In some cases, it is more environmentally sound to put food down the disposal than to put it in the trash. To help convince you and earlyout, here is why… Sanitary sewage goes to a typical treatment plant. First thing that happens is that all the big chunks are caught on screens, ground up and re-injected into the flow. Yes, everything. Large food globs, flushed barbie dolls, toilet paper, everything. Mighty tough grinders make small pieces of everything. (Some places may take the items that catch on the screens and landfill them, but not all. As in any large engineering project, it all depends on the designers, local cost to landfill waste, regulations at the time the plant was built, land available, etc.)
The sewage then goes through several different biologcal processes to degrade the solid organics, eat up the ammonia, and settle out all the resulting sludge. The clear water then flows to the stream/river/ocean/golf course watering system. The settled sludge is landfilled OR land applied as fertilizer. If your sludge is landfilled, then you wasted time and energy to send the food through the treatment plant. But if your sludge is land applied, a garbage disposal puts your leftover ham sandwich back into the cycle of nature instead of letting it get petrified in a landfill. All in all, not a huge impact to the environment one way or the other.
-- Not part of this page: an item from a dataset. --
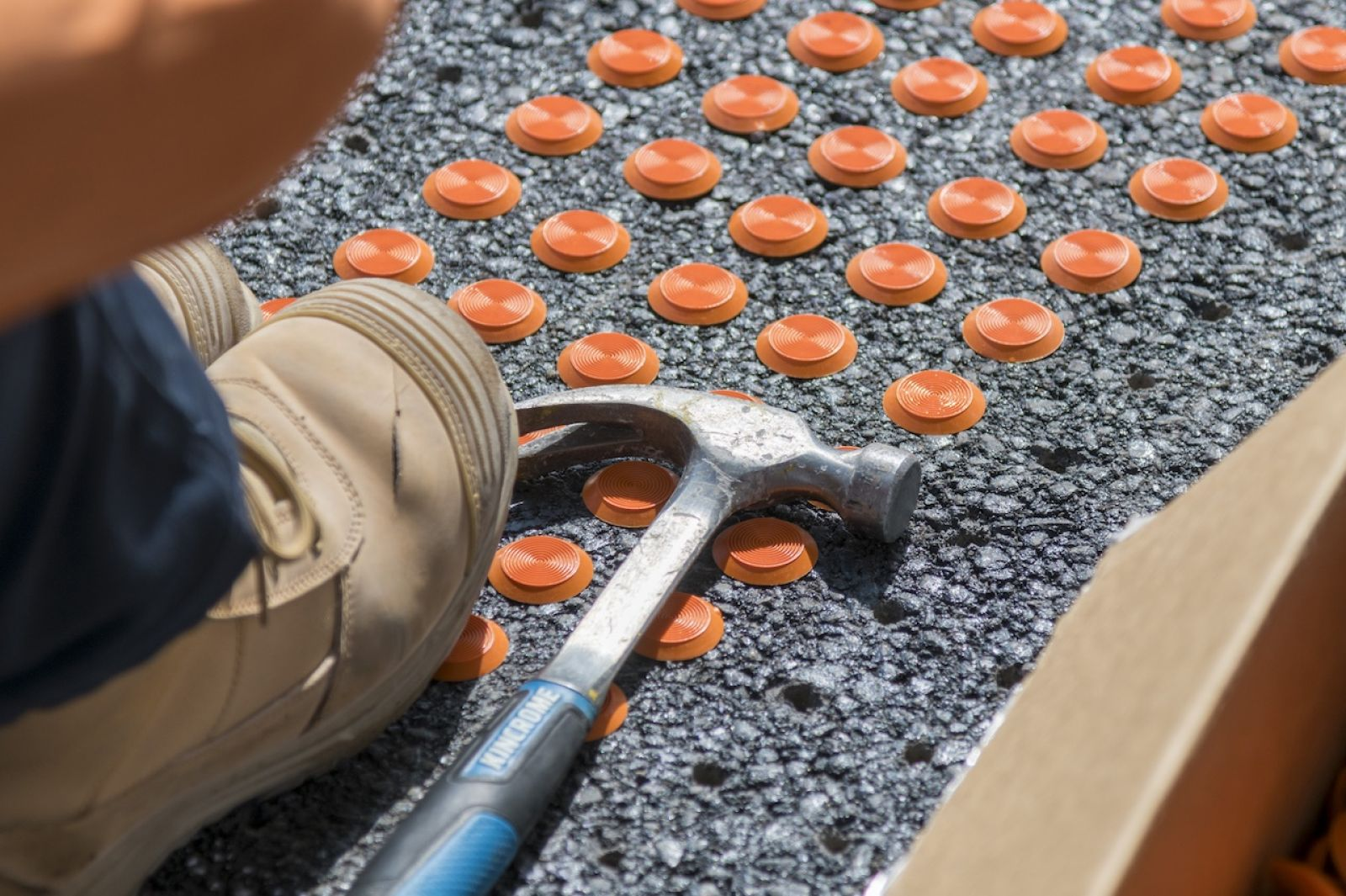 The important tactiles create a textured surface to provide vital orientation and safety cues. Each individual tactile is hammered into a hole drilled by a precision rig, with the tactiles shaped to be easily detectable by canes or underfoot, but also flat enough to ensure they are not a tripping hazard.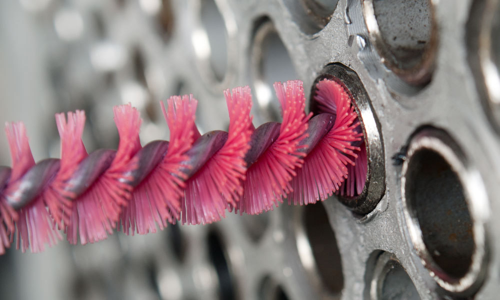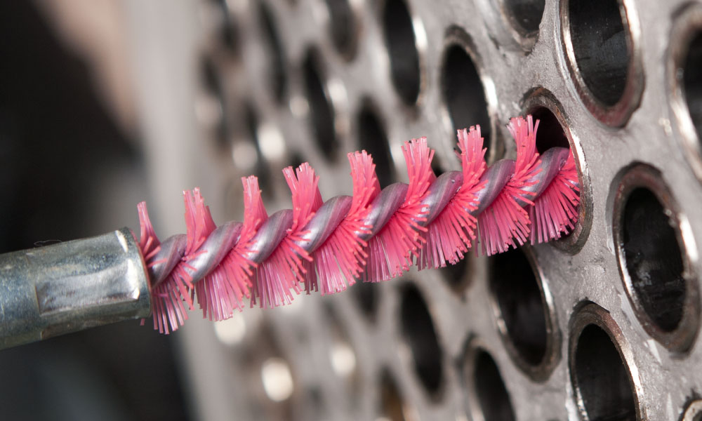 Now pull the brush out of the tube. Since the brush is larger than the ID of the tube the bristles are slightly laid over in one direction. When pulling out the Die-Hard brush, some resistance should be felt. Insert the next smaller brush size onto the Actuator and insert it into the tube past the rolled/expanded area. Repeat this process until no resistance is felt and the brush slides freely in and out of the tube. The correct brush size for cleaning is the smallest brush size in which resistance is felt. This is to ensure that the ends of the bristles are making contact with the tube wall, but not too large to restrict the feeding of the Auto-Feed Hose, and pulsing action of the Actuator.

As for the ability of the sewer system to handle the waste… once again, case by case basis. The actual cost to handle the sewage is minor compared to the capital cost of the plant, so if the plant is already sized for everyone using a garbage disposal, you may as well use it. If you live in a town that just put in a brand new sewage treatment plant, that plant is sized the about 50% more load that it currently sees, planning for future city load growth (assuming your town leaders have any sense.) So in thise case, you have no need to feel guilty about sending a turkey dinner down the drain (but hold the gravy, as noted, fat does cause clogs even in large lines.)
If your town is using a 20-40 year old plant that has reached it’s limit, your washed down peas may be just the added load that overwhelms the system. Then your area must install a new plant, and your sewage rates go up. Or they ban disposals to try to lower the load. Then all your neighbors go on a witchhunt looking for the moron who flushed those peas.
And for Jurph, the food washed down is no worse or better than the organics that enter the sewage the old fasioned way. Treatment plants handle them just fine, if they are large enough. It’s just that you have no choice but to sewer yesterday’s enchiladas once you have chewed and swallowed them. But you do have a choice with last week’s meatloaf that is turning green in the back of the fridge.